(Exercise) In the records below, reproduce exactly the lines from the one containing "PINLI品立2025秋冬新" through the one containing "Connect to a", both included, and omit the pictures.
*** Records to process Section Begins ***
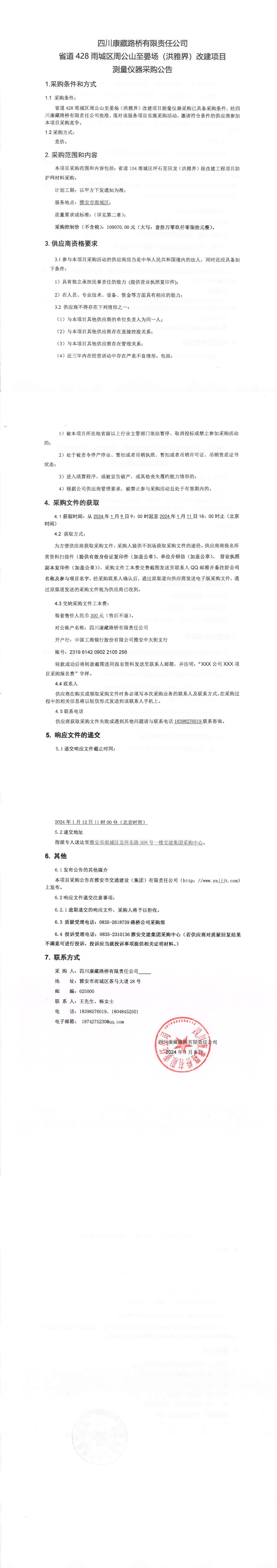 四川康藏路橋有限責(zé)任公司省道428雨城區(qū)周公山至晏場(chǎng)(洪雅界)改建項(xiàng)目測(cè)量?jī)x器采購(gòu)公告
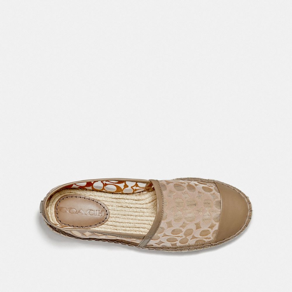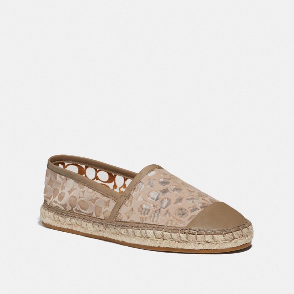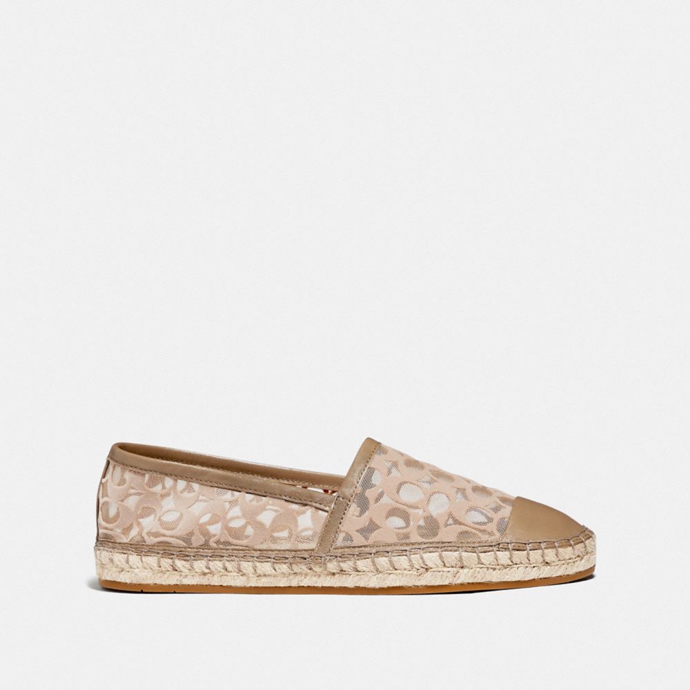 A new take on a warm-weather essential, this laidback espadrille is crafted of smooth leather and breathable mesh flocked with our Signature. The comfortable slip-on design is finished with bi-color woven jute trim and a rubber sole for great traction on city streets and country lanes.
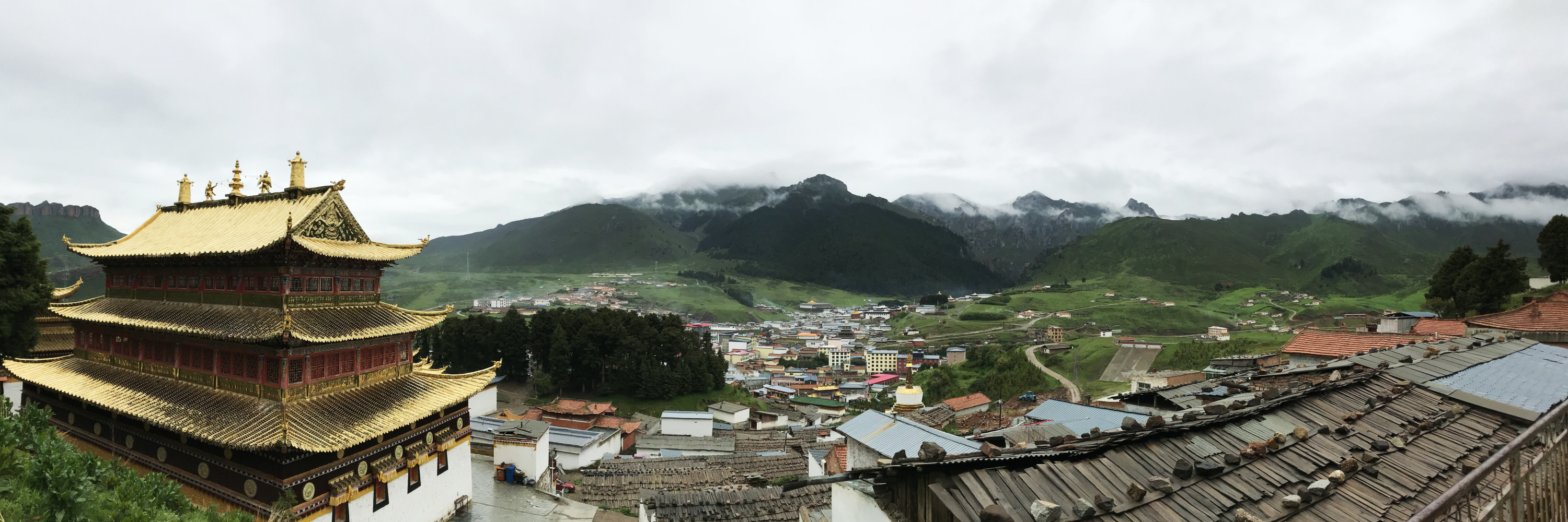 站在赛赤寺寺庙建筑群的高处往下俯瞰,拍了张全景。左上角金顶建筑群是赛赤寺,近处是赛赤寺的僧人居住区,右上角远处山沟里的银色那块是四川格尔底寺,中间红黄房子处是郎木寺镇的居民建筑。
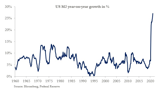 This extraordinary monetary and fiscal stimulus comes at a time when households have accumulated large savings during lockdown and, as economies are reopened, are expected to greatly increase spending.
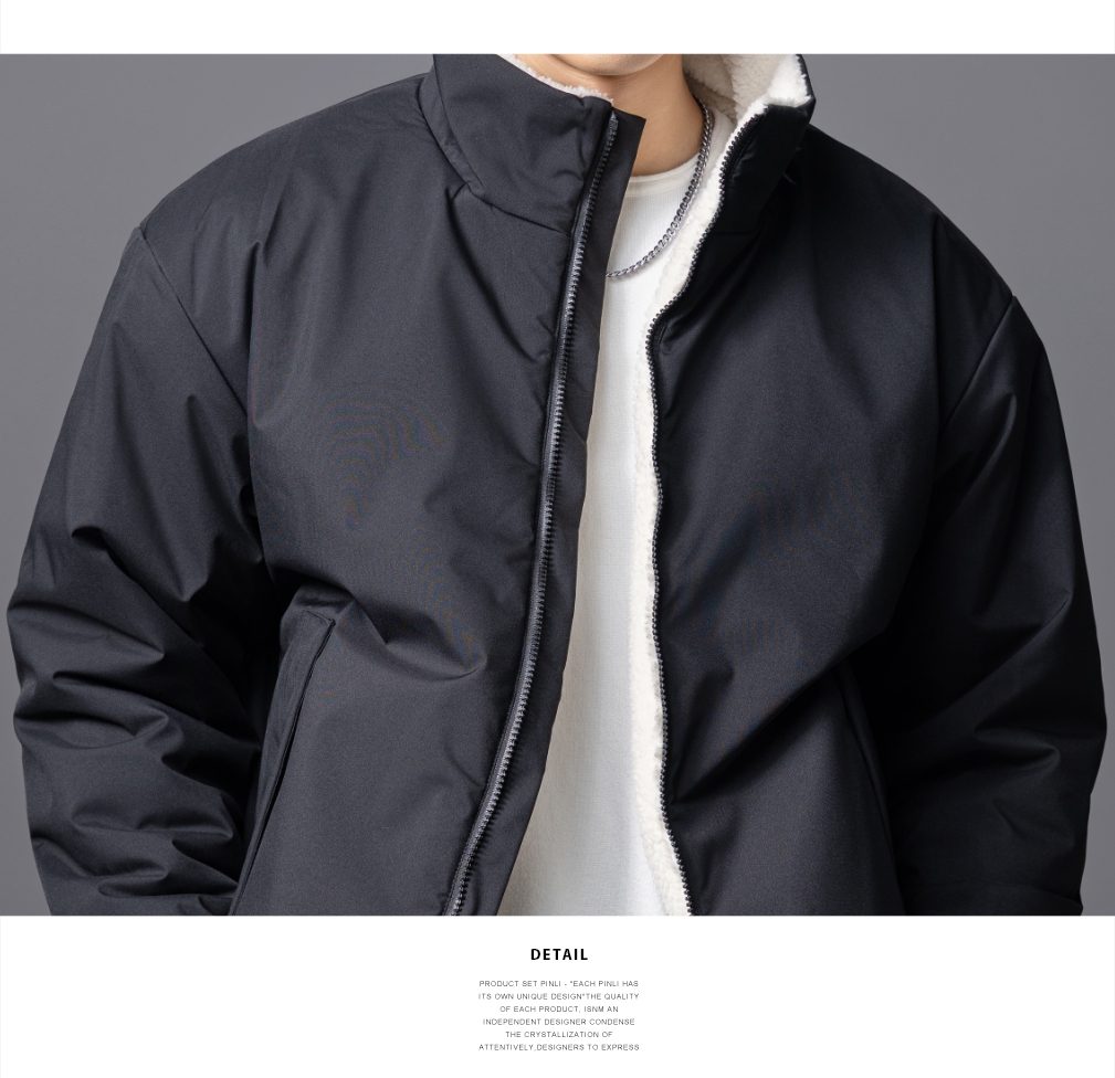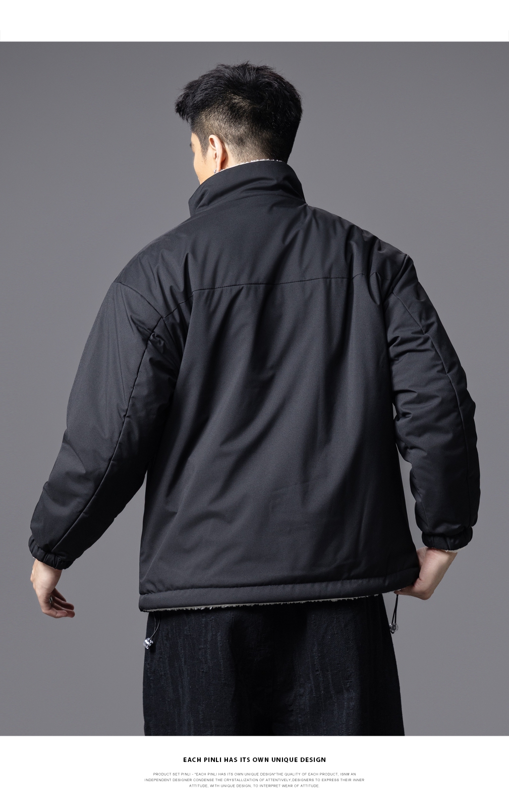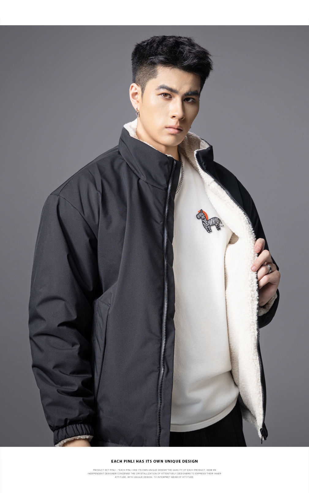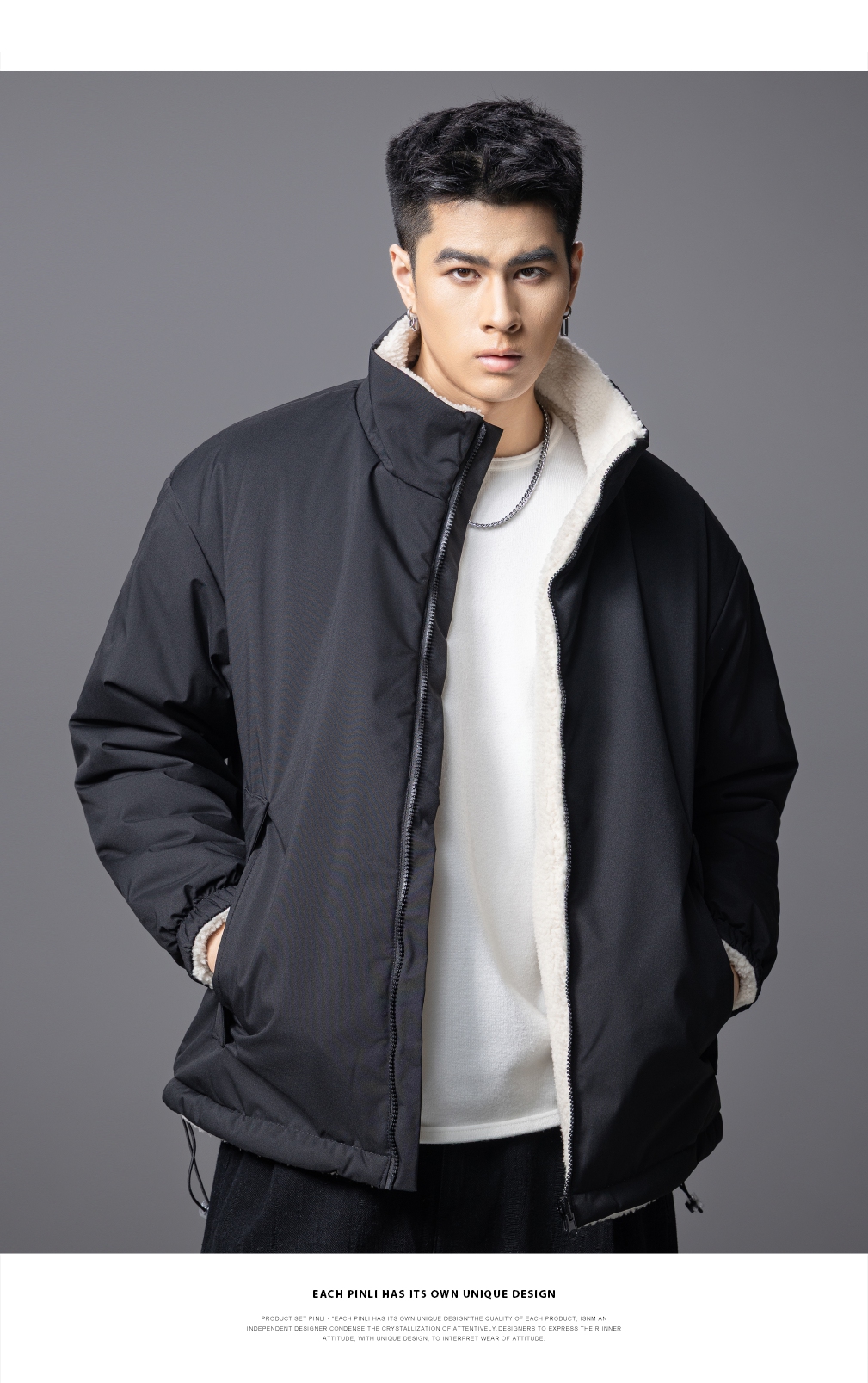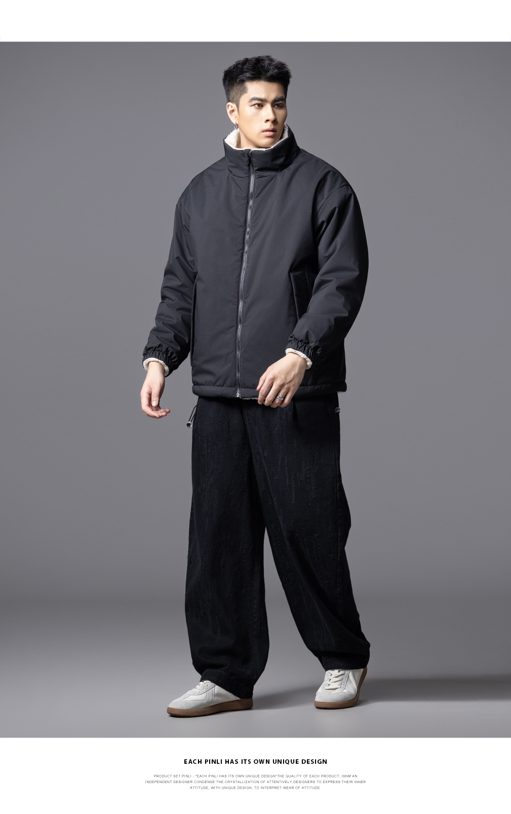 PINLI品立2025秋冬新款双面穿立领棉服外套宽松潮牌加厚休闲棉衣GD253105100
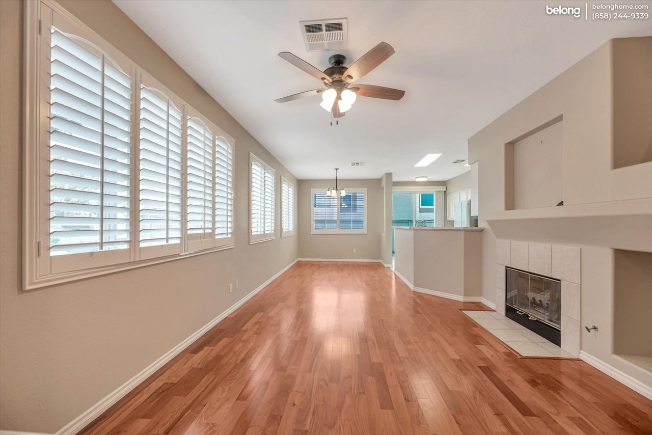 This charming 3-bedroom, 2.5-bath townhome unit welcomes you with gleaming hardwood floors and the warmth of the California sunshine streaming in through numerous windows. It has plantation shutters that provide just the right amount of shade. And with central A/C, heater, and smart thermostat installed, you can easily adjust indoor temperature to your liking. Get ready to whip up culinary delights in the sleek and modern kitchen, complete with gorgeous marble counters and top-of-the-line stainless steel appliances. The French-door fridge, microwave, dishwasher, vented hood, and full gas range with oven are sure to impress! Plus, a water filter, water heater, and water softener have been thoughtfully installed for your convenience. Make your way upstairs to find all three bedrooms, each one providing a cozy and private space to unwind. The primary suite features an elegant ensuite with a shower-over-tub and a double sink vanity with marble counters, creating a modern aesthetic that's both functional and stylish. The attached 2-car garage with automatic doors lets you park your vehicles with ease. Plus, laundry facilities located in the garage save you time and hassle! Take advantage of the idyllic San Diego weather all year long by relaxing in the serene backyard. This home is also pet-friendly, so your furry friend can join in on the fun! 11865 Spruce Run Drive is located conveniently close to freeways, schools, shopping, dining, and entertainment. With a central location close to all the amenities you need, this home is not to be missed! *Fireplace is decorative only.
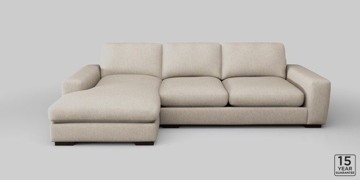 6.12.1 Buy Houghton Deep Relaxed Sit Large Sofa Chaise - Left Hand Tweedy Chenille Mid Natural Large Square Angle - Dark from the Next UK online shop Click here to use our accessible website
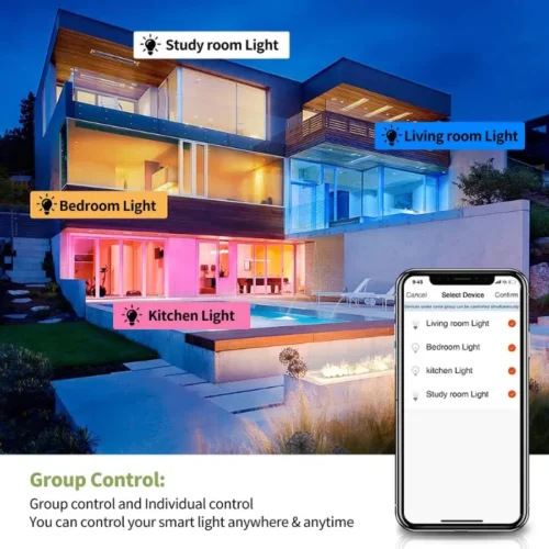 Connect to a 2.4GHz Wi-Fi network and manage your lighting anytime via the “Smart Life” app. Turn lights on/off, adjust brightness, change colors, set timers, or control multiple bulbs together using group settings or shared access.
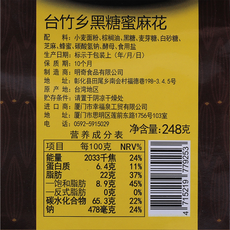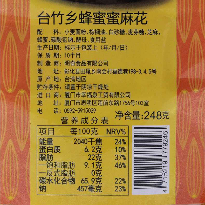 商品属性 [产品标准号] 符合海关进口标准 [产品类别] 麻花 [产品认证] 否 [保质期] 300 [储存条件] 常温 [储藏方法] 阴凉干燥 [净含量(规格)] 248g [制作工艺] 蜜麻花 [包装方式] 预包装 [包装系列] 简装系列 [原产国/地区] 台湾 [原料与配料] 见产品包装成分说明 [售卖方式] 包装 [商品条形码] 4715219779253 [是否含糖] 含糖 [是否进口] 是 [热卖月份] 全年 [特产品类] 其它 [特殊功效] 营养 [特殊提货凭证] 短信编码提货 [生产厂家] 明奇食品有限公司 [生产日期] 见产品内容页说明(实时更新) [等级] 合格
*** Records to process Section Ends ***
(Problem solution)
 PINLI品立2025秋冬新款双面穿立领棉服外套宽松潮牌加厚休闲棉衣GD253105100
 This charming 3-bedroom, 2.5-bath townhome unit welcomes you with gleaming hardwood floors and the warmth of the California sunshine streaming in through numerous windows. It has plantation shutters that provide just the right amount of shade. And with central A/C, heater, and smart thermostat installed, you can easily adjust indoor temperature to your liking. Get ready to whip up culinary delights in the sleek and modern kitchen, complete with gorgeous marble counters and top-of-the-line stainless steel appliances. The French-door fridge, microwave, dishwasher, vented hood, and full gas range with oven are sure to impress! Plus, a water filter, water heater, and water softener have been thoughtfully installed for your convenience. Make your way upstairs to find all three bedrooms, each one providing a cozy and private space to unwind. The primary suite features an elegant ensuite with a shower-over-tub and a double sink vanity with marble counters, creating a modern aesthetic that's both functional and stylish. The attached 2-car garage with automatic doors lets you park your vehicles with ease. Plus, laundry facilities located in the garage save you time and hassle! Take advantage of the idyllic San Diego weather all year long by relaxing in the serene backyard. This home is also pet-friendly, so your furry friend can join in on the fun! 11865 Spruce Run Drive is located conveniently close to freeways, schools, shopping, dining, and entertainment. With a central location close to all the amenities you need, this home is not to be missed! *Fireplace is decorative only.
 6.12.1 Buy Houghton Deep Relaxed Sit Large Sofa Chaise - Left Hand Tweedy Chenille Mid Natural Large Square Angle - Dark from the Next UK online shop Click here to use our accessible website
 Connect to a 2.4GHz Wi-Fi network and manage your lighting anytime via the “Smart Life” app. Turn lights on/off, adjust brightness, change colors, set timers, or control multiple bulbs together using group settings or shared access.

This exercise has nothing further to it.